Everyone currently on the course at Augusta National, from players to the few onlookers, must take a COVID test prior to entering. Even so, there’s always the worry that some infection might sneak through, and that was enough to get DeChambeau’s formidable mind wondering. He took a COVID test, which came back negative, but the dizziness persisted.
“Every time I'd bend over and come back up, I'd like lose my stance a little bit,” he said. “So I don't know what's going on.”
Beyond that, there was just the simple matter of bad luck. Speaking on Saturday morning, DeChambeau shook his head at his Friday afternoon misfortune, when he lost a ball right in the second cut alongside the third hole. It should have been easy to locate, but after three minutes, DeChambeau and everyone else kicking their way through the second cut couldn’t locate the ball. The result: a return to the third tee and an eventual triple-bogey 7.

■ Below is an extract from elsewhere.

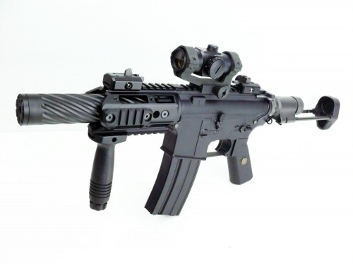 コンパクトですが、サイレンサーやマウントの存在でインパクトは抜群。マウントレールの自由度もあり、手を加えやすくなっています。

And then the twist of the knife: “Definitely throws you for a loop when the guy goes and gives you the ball on the fourth tee box: ‘Oh, I found it,’” DeChambeau said.
At the moment DeChambeau walked off the course, he was one stroke to the dark side of the cut line, but the line moved over the next few minutes to allow DeChambeau to skate in on the number. He’ll play the rest of the weekend, but he’ll hold onto the lessons of this week far beyond Sunday.
“You can't control everything,” DeChambeau said, perhaps as much to himself as the world, “as much as you try.”